As you deliberate on your review of the McCrone Agreement of early 2001, I’m sure you will have been inundated with submissions from all manner of interested parties. There has been some criticism of the make-up of your review group, but my concern is that your group’s remit has already determined its own answer.

It’s worth noting that the very first sentence of the McCrone Agreement’s introduction stated that it “outlines the agreement reached to improve the professional conditions of service and pay for teachers”. The order here is important. “A Teaching Profession for the 21st Century” was first and foremost a workload agreement; pay was a secondary, albeit important, issue.

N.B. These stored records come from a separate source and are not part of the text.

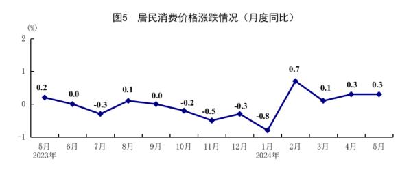 5月份,全國居民消費價格(CPI)同比上漲0.3%,漲幅與上月持平;環比下降0.1%。分類別看,食品煙酒價格同比下降1.0%,衣著價格上漲1.6%,居住價格上漲0.2%,生活用品及服務價格上漲0.8%,交通通信價格下降0.2%,教育文化娛樂價格上漲1.7%,醫療保健價格上漲1.5%,其他用品及服務價格上漲3.6%。在食品煙酒價格中,鮮果價格下降6.7%,糧食價格上漲0.5%,鮮菜價格上漲2.3%,豬肉價格上漲4.6%??鄢称泛湍茉磧r格后的核心CPI同比上漲0.6%。1-5月份,全國居民消費價格同比上漲0.1%。
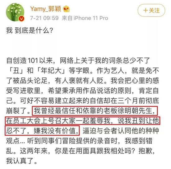 她公开了一则所属经纪公司“极创引力”的员工大会会议记录,时间3分11秒,老板徐明朝当着同事的面,说她“非常丑!很丑!超级丑!是你们所有人里面最丑的!”继而说她装时尚,穿的像刺猬。“有病!不会唱歌!之前就是个伴舞的……”
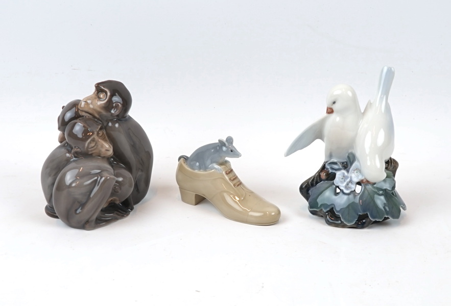 Bilder Figuriner, 3 st, porslin, bl.a Royal Copenhagen.
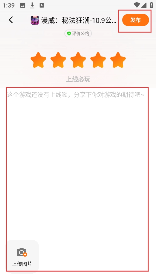 3、选好星级后,我们在输入框中写下对游戏的期待等内容,然后点击【发布】,就能提交自己的评价啦。
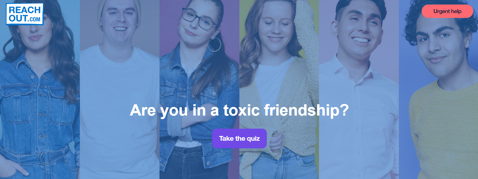 Are you in a toxic friendship? All friendships have their ups and downs, but they should never leave you feeling bad about yourself. Take the quiz and find out. At the end of the quiz Reachout will give you tips on how to maintain positive friendships or deal with unhealthy or toxic friendships. ReachOut is the most accessed online mental health service for young people and their parents in Australia.
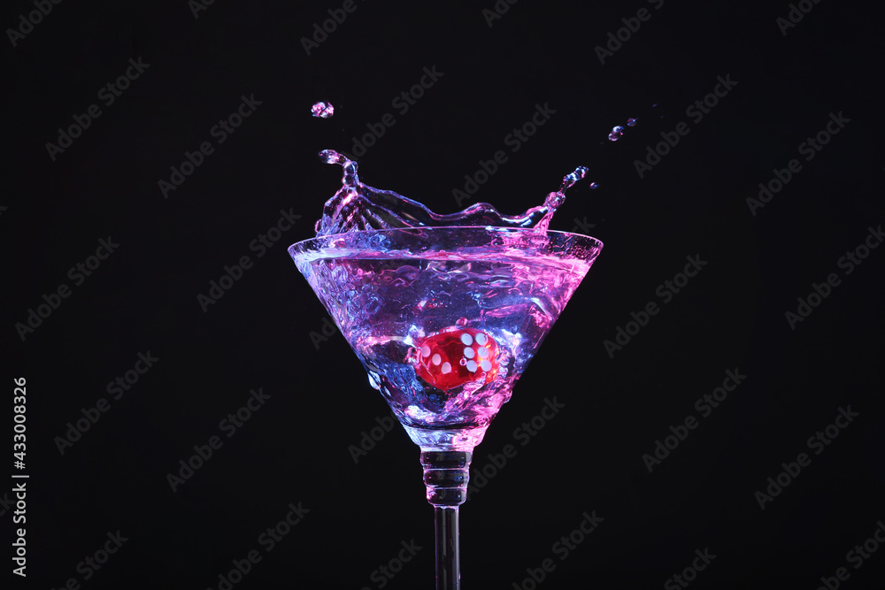 Obraz na plátně Casino dice falling into glass of alcohol drink on black background

Prior to 2001, teachers in Scotland worked a “notional” 32.5-hour working week. Broadly, this consisted of 27.5 hours “normal school day” plus a further five hours per week for parents’ nights, reports and so on. Of course, very few teachers worked a mere 32.5 hours, and those who tried often found themselves criticised as lazy.

McCrone’s first main task was to bring the rising teacher workload under control, and to achieve this the agreement set a maximum 35-hour week for all teachers. The word “notional” was conspicuous by its absence.

What then happened was that many teaching managers forgot to read the script, and took the 35 hours to be “notional” - as in “of course, everyone knows you can’t do the job in just 35 hours”. In so doing, they effectively convinced themselves that the working week was being increased by 150 minutes - 8 per cent - and that workload could be increased by (at least) 8 per cent as well. In authorities across Scotland, managers used the McCrone agreement to ramp up teaching duties. Tasks have been found - in some cases simply invented - to create more work.

The most cursory study should show that the work pattern of the vast majority of teachers far exceeds 35 hours, but that doesn’t mean that managers can shirk their responsibility to try to limit the workload so that it can be done in the allocated time. If you want teachers to go the extra mile for education, I’d suggest that forced labour is not the best way forward. Instead, you need to make a genuine effort to restrict the teacher workload and then the profession will be far more likely to give extra hours willingly. My guess is that for every teacher who manages to put in fewer than 35 hours, 50 at least will be giving very many more. There’s a serious danger of alienating your best practitioners here.

So my concern is that your review seems not to be asking if the McCrone Agreement has actually “improved the professional conditions of service for teachers”. Your questionnaire doesn’t ask teachers like me if I feel that employers have kept their side of the bargain. But - just for the record - the answer is “No”.

Yours sincerely, Gordon Lawrie, Modern studies teacher.